Here’s How Long You’re Protected From COVID-19 After Recovery

The Centers for Disease Control and Prevention put out new guidance this month on retesting and quarantining for people who have been infected with the coronavirus.

The latest information suggests that a person is likely protected for up to three months once they’ve recovered from COVID-19. During that period, the CDC said, people who had COVID-19 might still continue to test positive, but they may not be infectious to others.

“People who have tested positive for COVID-19 do not need to quarantine or get tested again for up to three months as long as they do not develop symptoms again,” the CDC said. “People who develop symptoms again within three months of their first bout of COVID-19 may need to be tested again if there is no other cause identified for their symptoms.”

However, the agency clarified that this does not mean is that people who’ve had COVID-19 are immune from the disease for three months, nor does it affect a person’s antibodies.

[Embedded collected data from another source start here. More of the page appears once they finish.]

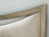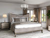 - Headboard, footboard and rails upholstered in a stire inspired fabric in a mushroom colorway
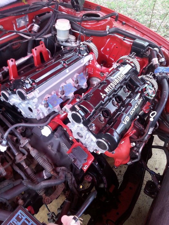 installed heads, valve covers, front and rear exhaust manifolds, spark module, rear cat, rear heat shields, rear (upper o2 sensor), water pump, lower intake plenum ( not pictured),. spent more time looking up torque specs....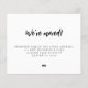Simple elegant minimalist custom black and white we've moved handwriting calligraphy script moving announcement. +++++++++ Easy to personalise with your new home address! ++++++++++ PLEASE READ THIS BEFORE PURCHASING! This is a budget affordable wedding card printed on a paper sheet (each sheet has one card). ++++ For the best rapport price-quality, our advice is to choose the Semi-Gloss paper type (it is thick enough to be used for stationery) ++++ If you need envelopes, choose the ENVELOPE OPTION. +++ Double-check all the information and spelling of your text because you will receive exactly what you see - no one else will check anything before printing. ++++ This card is designed for size 4.5" x 5.6". In the case you choose another size of the card and text goes outside page, everything needs to be fixed before adding the product to cart. Please ask Live Design Service for help.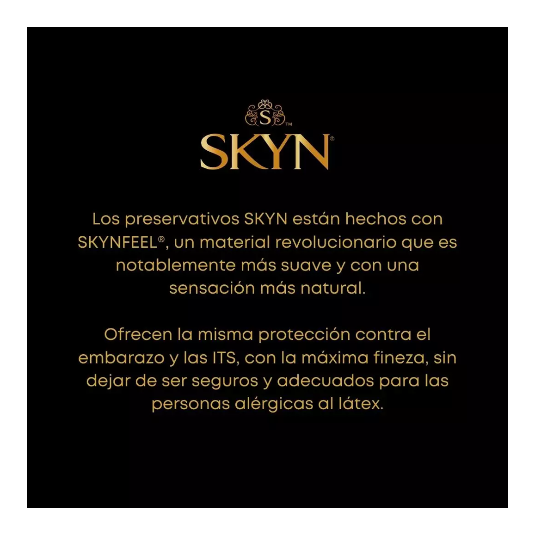 Esto no es solo una caja de condones. Esta es la última tecnología de condones para una experiencia sexual verdaderamente íntima. Nuestro material SKYNFEEL es suave y cómodo, para un ajuste y sensación más naturales. Tienes un boleto para una experiencia de increíble sensibilidad, que te permite vertualmente a ti y a tu pareja sentir todo.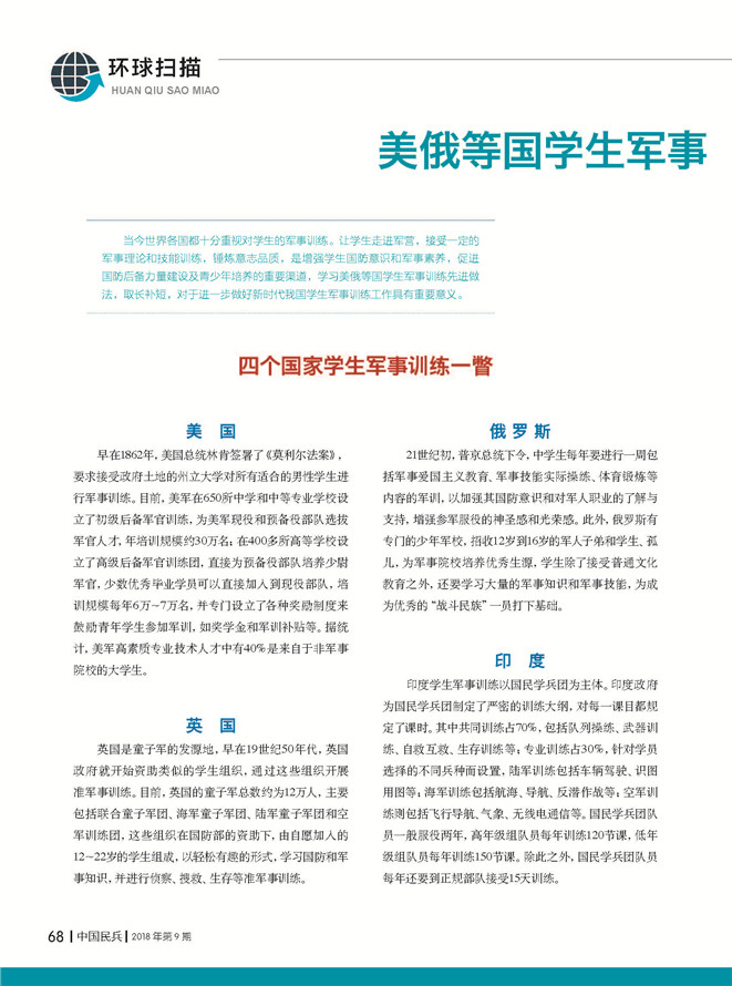 美俄等國(guó)學(xué)生軍事訓(xùn)練概覽及啟示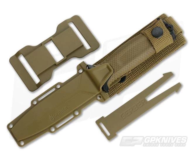 The Sheath:Â Hard plastic sheath with MOLLE compatible webbing for drop-leg carry and secondary retention and detachable belt hoops for horizontal belt carry.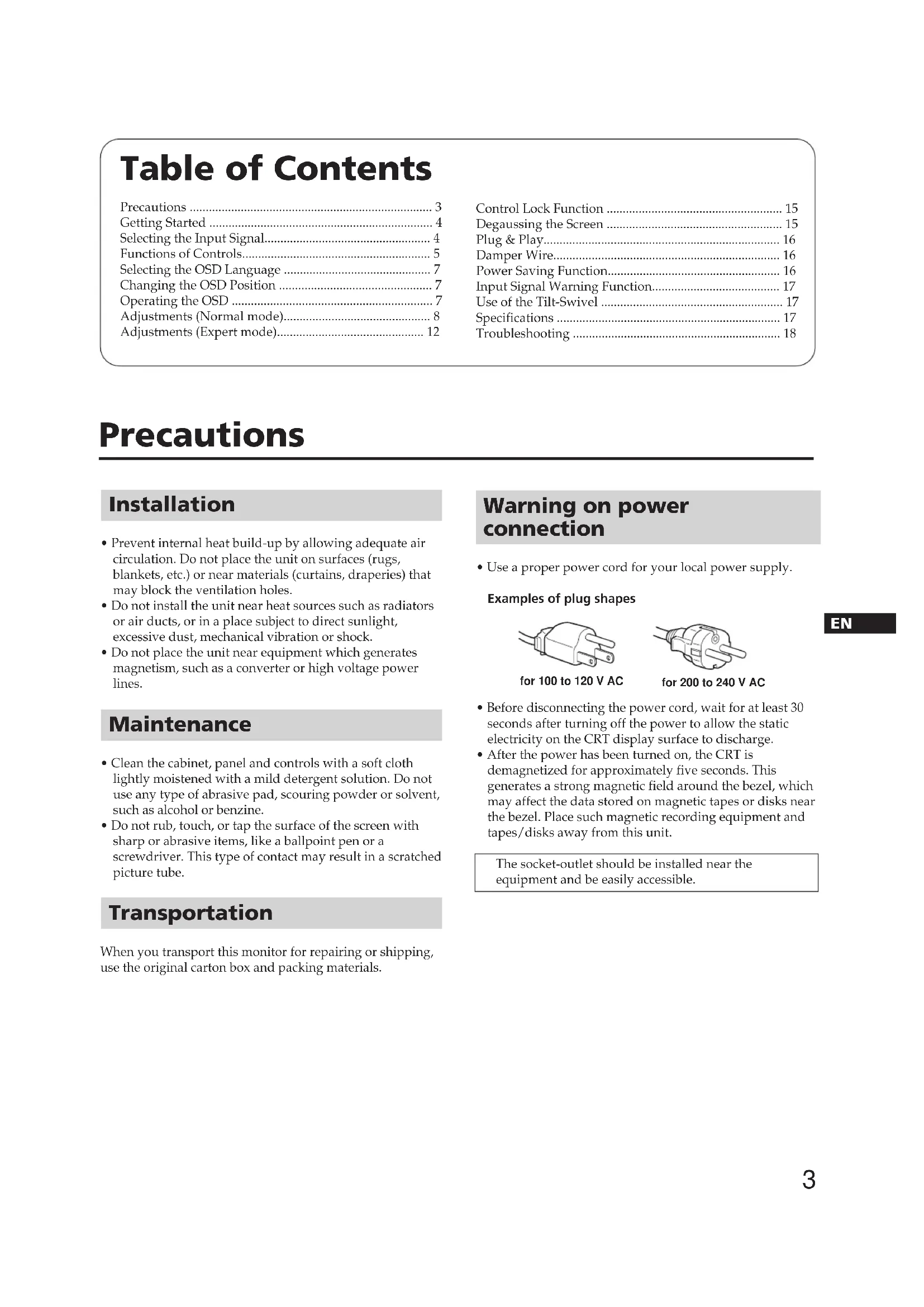 - After the power has been turned on, the CRT is demagnetized for approximately five seconds. This generates a strong magnetic field around the bezel, which may affect the data stored on magnetic tapes or disks near the bezel. Place such magnetic recording equipment and tapes/disks away from this unit. The socket-outlet should be installed near the equipment and be easily accessible. Precautions for 100 to 120 V ACfor 200 to 240 V AC4 Before using this monitor, check that the following items are included in your package: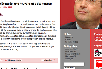 Le porte parole du PS, Benoit Hamon a fait son blog avec une adresse Européenne http://www.benoithamon.eu (celui qui avait peur de ne pas être élu et de partir a réussi à trouver un job !). Sur son blog, vidéos de ses interventions dans les médias et réflexions.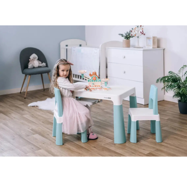 Дитячий ігровий стіл з двома стільцями — це стильний та функціональний елемент меблів, який стане чудовим доповненням до будь-якої кімнати: вітальні, їдальні, дитячої або ігрової зони. Він ідеально підходить для малечі, щоб малювати, творити, грати, їсти або читати.

“This science does not imply a person is immune to reinfection with SARS-CoV-2, the virus that causes COVID-19, in the 3 months following infection,” the CDC said in a statement. “The latest data simply suggests that retesting someone in the 3 months following initial infection is not necessary unless that person is exhibiting the symptoms of COVID-19 and the symptoms cannot be associated with another illness.”

New information from the CDC suggests people who have been infected with COVID-19 are protected for up to three months following their recovery.

There’s still not much we know about COVID-19 antibodies and reinfection. Since the virus is still so new, experts can’t say for certain how long someone can expect to be immune to the virus after they’ve been sick.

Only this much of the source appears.